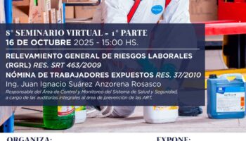 Se informa que el VIII Seminario Virtual se desarrollará en dos partes, en el mes de noviembre 2025 se dictará el Seminario “Sistema de Vigilancia y Control de Sustancias y Agentes Cancerígenos, Resolución 81/2019” Se recuerda que, los expositores a cargo de los seminarios forman parte del equipo técnico de la SRT, y esta vez […]
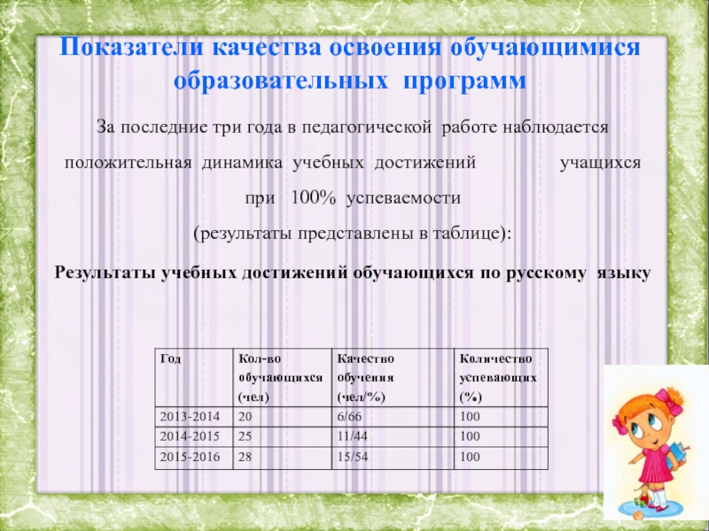 За последние три года в педагогической работе наблюдается положительная динамика учебных достижений учащихся при 100% успеваемости (результаты представлены в таблице):
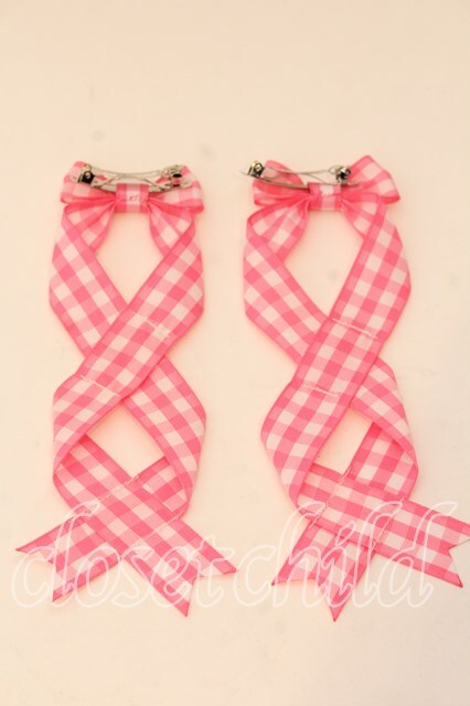 LOTUS ribbon / ツインテールリボンバレッタ ピンク×シロギンガム O-25-12-26-071-EL-ZA-IG-OS [2100080000069441-O-25-12-26-071-EL-ZA-IG-OS]
# # # # # # #
PROBLEM TO SOLVE => Only the lines from the one containing "За последние три" through the final line of the listing should be reproduced, exactly and with no pictures.

REPLY TO THE EXERCISE =>
 За последние три года в педагогической работе наблюдается положительная динамика учебных достижений учащихся при 100% успеваемости (результаты представлены в таблице):
 LOTUS ribbon / ツインテールリボンバレッタ ピンク×シロギンガム O-25-12-26-071-EL-ZA-IG-OS [2100080000069441-O-25-12-26-071-EL-ZA-IG-OS]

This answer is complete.